Unfortunately this is not true. Instead, all mechanistic possibilities give secondary normal KIEs! I investigated this model system computationally at the wB97X-D/6-31G(d)/SMD(CH2Cl2) level of theory. Here’s a More O’Ferrall–Jencks plot of the H/D KIE at the iminium position, computed with PyQuiver (breaking bond on Y axis, forming bond on X axis):

The raw data from PyQuiver is a little fuzzy, so I applied a convolution to smooth the data. Details later on.

Rather than telling us which step is rate-limiting, all the KIE shows us is how much the transition state resembles an iminium ion (bottom right). Structures with long C–Cl bond distances and short C–C bond distances have substantial isotope effects (around 20%), while structures with forming or breaking bonds have smaller isotope effects.

Why is this? Both ionization and addition proceed through iminium-like structures that are substantially sp2-hybridized at carbon, irrespective of whether sp2 character is technically increasing or decreasing in the elementary step. Relative to the starting material, both transition states look like iminium ions and thus lead to large isotope effects.

These both look pretty much like iminium ions.

We can also conceptualize this in terms of elementary steps. Taken by itself, alkene addition does lead to an inverse kinetic isotope effect, as seen by the decreasing values as one moves left from the iminium—but an inverse isotope effect relative to the normal equilibrium isotope effect of the iminium. In this system, the equilibrium isotope effect of the iminium is larger than the kinetic isotope effect for alkene addition, and so the combination of these two effects leads to a (smaller) overall normal effect.

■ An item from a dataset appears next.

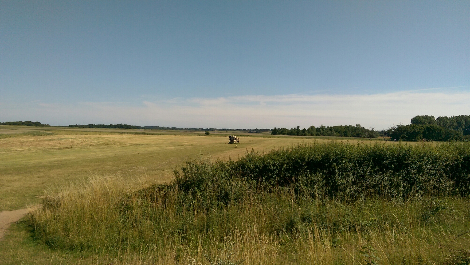 Wir fahren weiter Richtung Snape Maltings – auch ein Tipp unseres B&B Hosts, aber ein sehr viel besserer. Snape Maltings ist eine alte Mälzerei mit dem größten Malting House Englands. Inzwischen ist das riesige Gelände der Kunst gewidmet. Eine der bekanntesten Music Halls des Landes befindet sich direkt im alten Malting House. Sie wurde in den 60ern von dem berühmten englischen Komponisten Benjamin Britten für das jährliche Aldeburgh Festival ausgesucht und umgebaut. Der Saal ist einzigartig. Ein riesiger Raum nur umhüllt von Backsteinen und ein paar Holzstreben. Rings um das Malting House haben sich diverse Künstler angesiedelt. Es gibt Ausstellungen, Kurse und natürlich Shops, Cafés und Restaurants. Innerhalb der alten industriellen Substanz ist alles modern und stilvoll. Ein schöner Ort umgeben von einer schönen Landschaft. Die wir bei einem Spaziergang, stilecht mit einem Tea on the go erkunden. Das Wetter ist zu schön für zu viel Kultur.

(This is the opposite of primary H/D KIEs, where central transition states lead to the largest isotope effects and equilibrium effects are typically small. Here, the isotope effect is mainly a function of hybridization, and so the later the TS, the greater the difference in hybridization and the larger the isotope effect.)

In summary, although this experiment seems informative, it’s actually not very useful. It tells you something about the structure of the transition state, but not which step is rate-limiting! In this case, a better experiment would be to measure 13C KIEs, or an H/D KIE on the nucleophile.

Appendix I: What About SN2?

On Twitter, Mark Levin asks about the KIE for the concerted path. I originally meant to include a discussion of this, but then totally forgot to! So let’s fix that.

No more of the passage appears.